In your copy, the records appear word for word and the pictures do not appear at all.

Start of Data listing

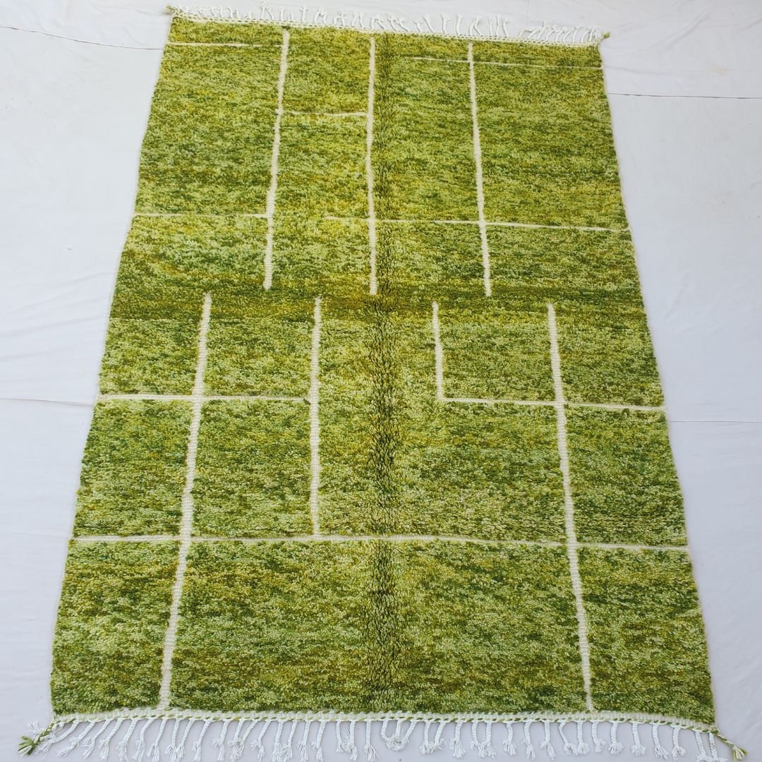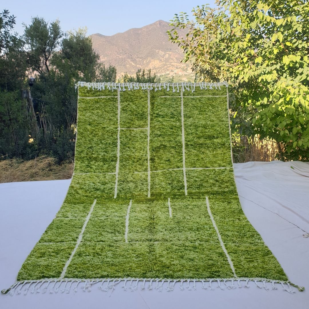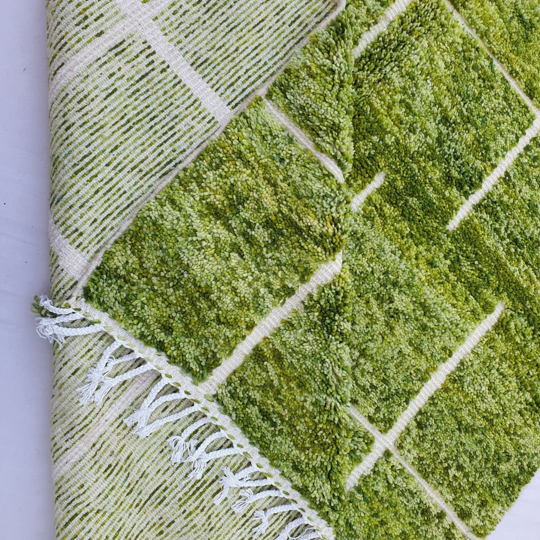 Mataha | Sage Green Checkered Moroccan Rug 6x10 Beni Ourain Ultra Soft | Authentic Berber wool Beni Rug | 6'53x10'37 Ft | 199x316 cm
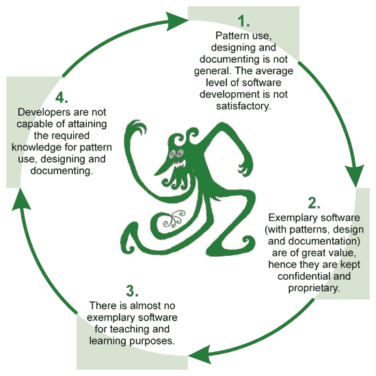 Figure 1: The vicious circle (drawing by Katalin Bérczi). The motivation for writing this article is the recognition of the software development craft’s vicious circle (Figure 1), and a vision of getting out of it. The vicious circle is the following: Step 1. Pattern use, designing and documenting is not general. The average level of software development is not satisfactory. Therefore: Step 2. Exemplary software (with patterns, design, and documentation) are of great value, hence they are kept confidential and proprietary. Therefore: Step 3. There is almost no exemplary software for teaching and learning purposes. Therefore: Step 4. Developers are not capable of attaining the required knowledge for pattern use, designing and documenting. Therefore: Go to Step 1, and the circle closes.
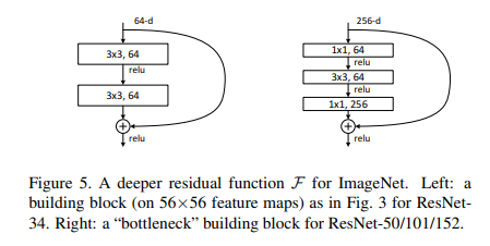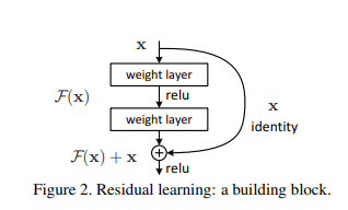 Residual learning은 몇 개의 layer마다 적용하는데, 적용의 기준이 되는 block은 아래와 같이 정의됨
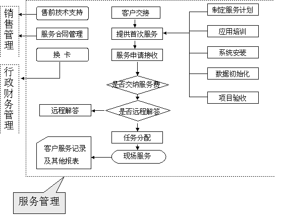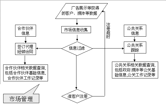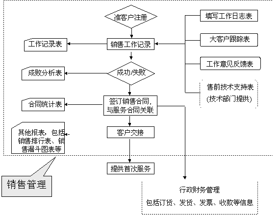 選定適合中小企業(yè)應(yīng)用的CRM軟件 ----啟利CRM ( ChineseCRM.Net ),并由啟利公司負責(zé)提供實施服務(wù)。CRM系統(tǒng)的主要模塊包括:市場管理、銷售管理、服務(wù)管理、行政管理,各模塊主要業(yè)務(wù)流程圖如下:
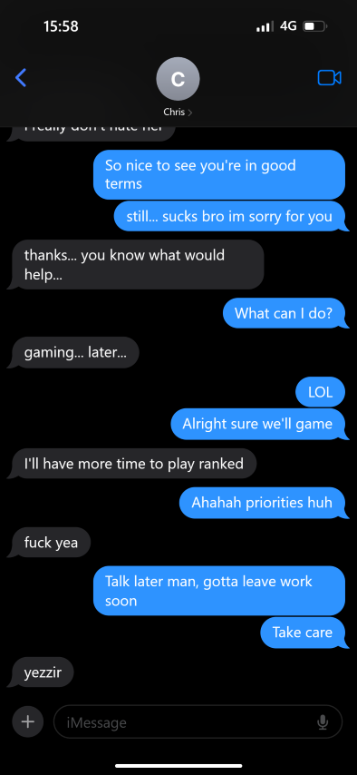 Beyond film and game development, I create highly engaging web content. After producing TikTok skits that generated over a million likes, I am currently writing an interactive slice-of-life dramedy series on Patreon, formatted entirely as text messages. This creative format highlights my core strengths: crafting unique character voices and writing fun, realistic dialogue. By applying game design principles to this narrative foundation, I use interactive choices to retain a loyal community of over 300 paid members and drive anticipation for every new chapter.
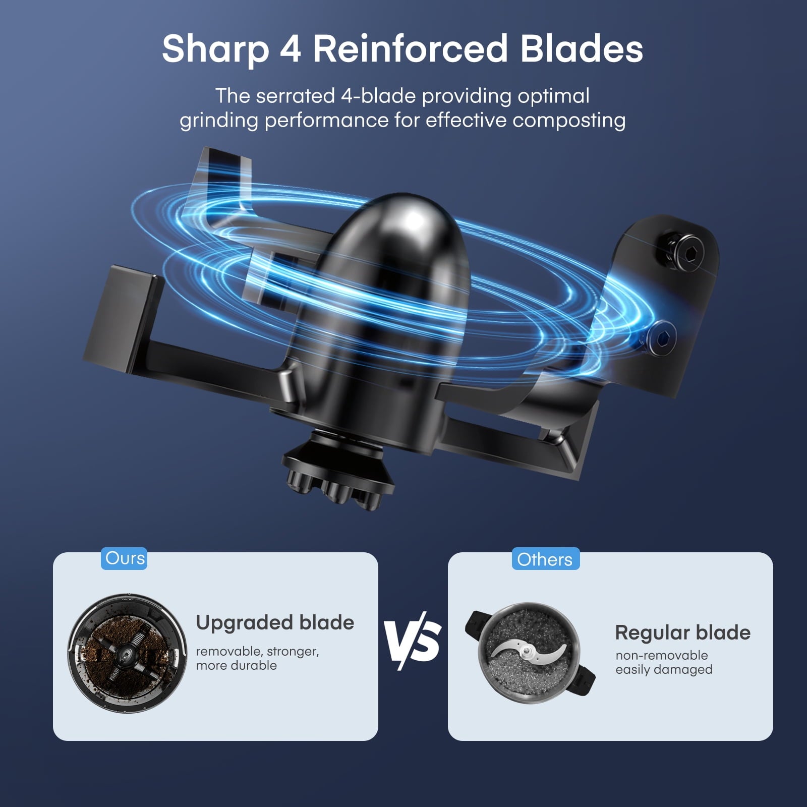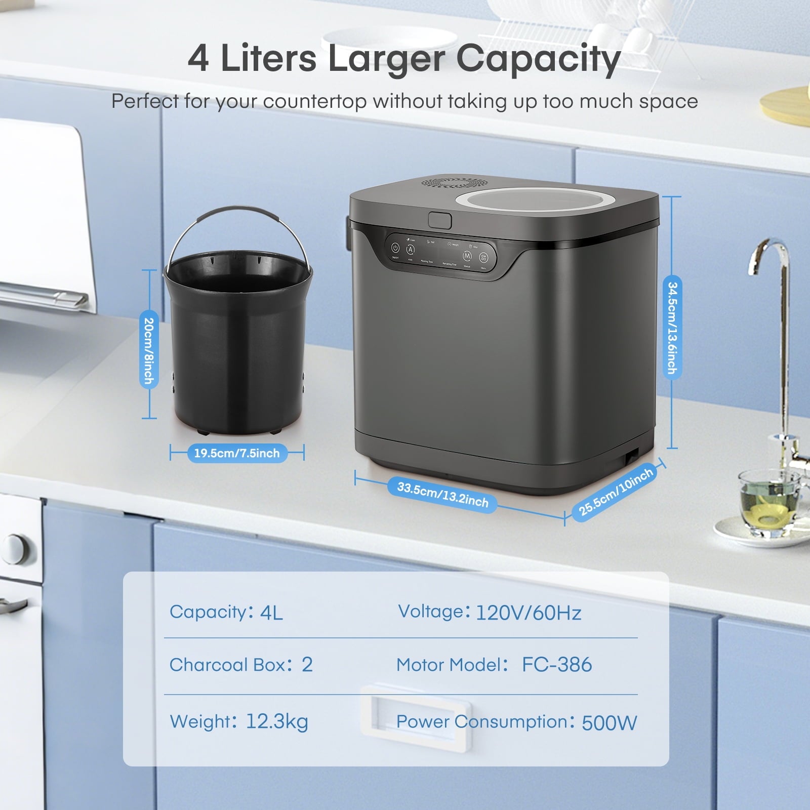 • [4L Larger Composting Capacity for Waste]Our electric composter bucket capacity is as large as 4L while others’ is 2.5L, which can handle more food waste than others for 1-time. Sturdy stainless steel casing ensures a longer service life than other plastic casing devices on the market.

End of Data listing

* Task output *
 Mataha | Sage Green Checkered Moroccan Rug 6x10 Beni Ourain Ultra Soft | Authentic Berber wool Beni Rug | 6'53x10'37 Ft | 199x316 cm
 Figure 1: The vicious circle (drawing by Katalin Bérczi). The motivation for writing this article is the recognition of the software development craft’s vicious circle (Figure 1), and a vision of getting out of it. The vicious circle is the following: Step 1. Pattern use, designing and documenting is not general. The average level of software development is not satisfactory. Therefore: Step 2. Exemplary software (with patterns, design, and documentation) are of great value, hence they are kept confidential and proprietary. Therefore: Step 3. There is almost no exemplary software for teaching and learning purposes. Therefore: Step 4. Developers are not capable of attaining the required knowledge for pattern use, designing and documenting. Therefore: Go to Step 1, and the circle closes.
 Residual learning은 몇 개의 layer마다 적용하는데, 적용의 기준이 되는 block은 아래와 같이 정의됨
 選定適合中小企業(yè)應(yīng)用的CRM軟件 ----啟利CRM ( ChineseCRM.Net ),并由啟利公司負責(zé)提供實施服務(wù)。CRM系統(tǒng)的主要模塊包括:市場管理、銷售管理、服務(wù)管理、行政管理,各模塊主要業(yè)務(wù)流程圖如下:
 Beyond film and game development, I create highly engaging web content. After producing TikTok skits that generated over a million likes, I am currently writing an interactive slice-of-life dramedy series on Patreon, formatted entirely as text messages. This creative format highlights my core strengths: crafting unique character voices and writing fun, realistic dialogue. By applying game design principles to this narrative foundation, I use interactive choices to retain a loyal community of over 300 paid members and drive anticipation for every new chapter.
 • [4L Larger Composting Capacity for Waste]Our electric composter bucket capacity is as large as 4L while others’ is 2.5L, which can handle more food waste than others for 1-time. Sturdy stainless steel casing ensures a longer service life than other plastic casing devices on the market.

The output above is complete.